Zuber M
Universitätskliniken des Saarlandes, Medizinische Klinik.
Z Rheumatol. 1994 Nov-Dec;53(6):327-34.
Antinuclear antibodies are autoantibodies which are hallmarks of connective tissue diseases. They are directed against intracellular antigens. As a first step of the diagnostic procedure, screening for antinuclear antibodies is performed on HEp-2 cells as a substrate. Different immunofluorescence patterns such as homogeneous, rim-like or speckled can be seen and the antibody titer is determined. In a second step of the diagnostic procedure the antinuclear antibodies are differentiated into defined species. Systemic lupus erythematosus, Sjögren's syndrome, mixed connective tissue disease, polymyositis and dermatomyositis are characterized by disease-specific antibody profiles, which can be measured by different methods such as ELISA or immunoblotting. For clinical purposes the most important antinuclear antibodies are antibodies against double stranded DNA, Sm, RNP, SS-A, SS-B, centromere proteins and Jo-1. The importance of antinuclear antibodies lies in their disease-specific profiles which are helpful for diagnosis. At present, it is not known if antinuclear antibodies are involved in pathogenesis of connective tissue diseases.

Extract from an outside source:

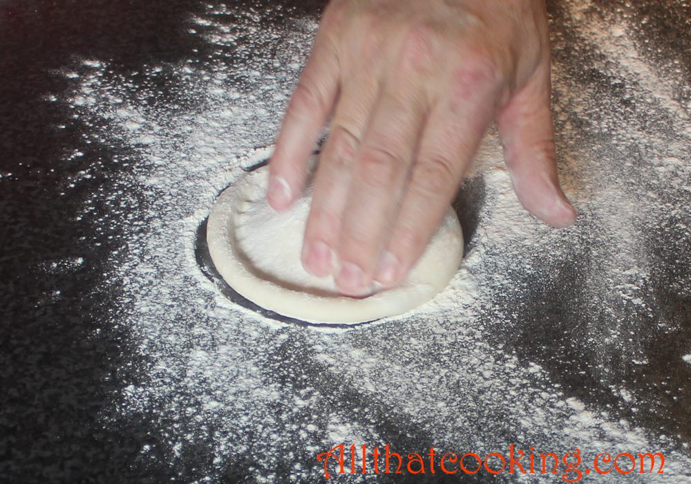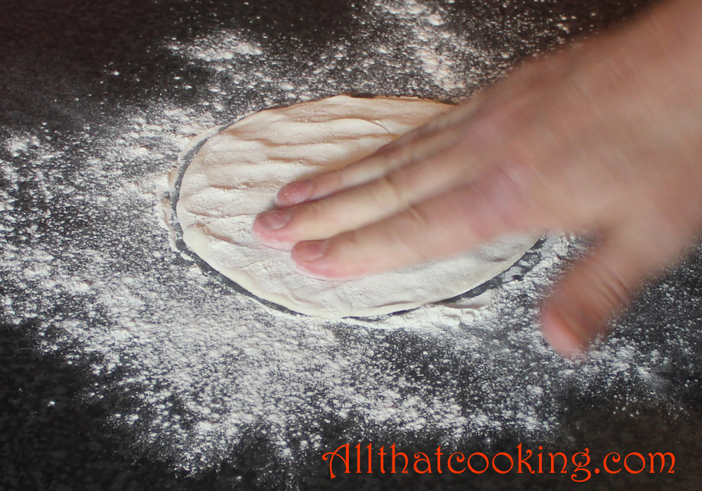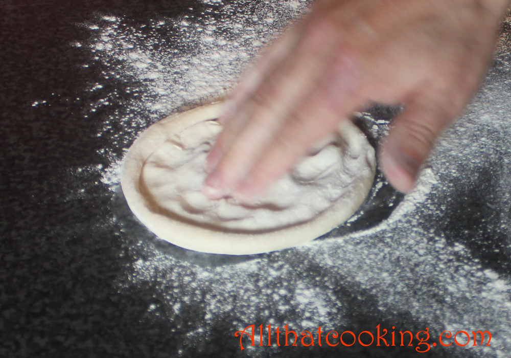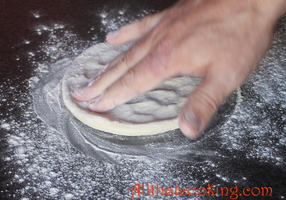 3.   Now press the middle to even it out and start stretching the dough  with your fingers, stay  inside the built up edge that you made.

抗核抗体是自身抗体,是结缔组织疾病的标志。它们针对细胞内抗原。作为诊断程序的第一步,以人喉表皮癌细胞(HEp-2细胞)为底物进行抗核抗体筛查。可以观察到不同的免疫荧光模式,如均质型、周边型或斑点型,并确定抗体滴度。在诊断程序的第二步,将抗核抗体区分为特定种类。系统性红斑狼疮、干燥综合征、混合性结缔组织病、多发性肌炎和皮肌炎具有疾病特异性抗体谱,可通过酶联免疫吸附测定(ELISA)或免疫印迹等不同方法进行检测。就临床目的而言,最重要的抗核抗体是抗双链DNA抗体、抗Sm抗体、抗核糖核蛋白(RNP)抗体、抗SS-A抗体、抗SS-B抗体、抗着丝粒蛋白抗体和抗Jo-1抗体。抗核抗体的重要性在于其疾病特异性谱,这有助于诊断。目前,尚不清楚抗核抗体是否参与结缔组织疾病的发病机制。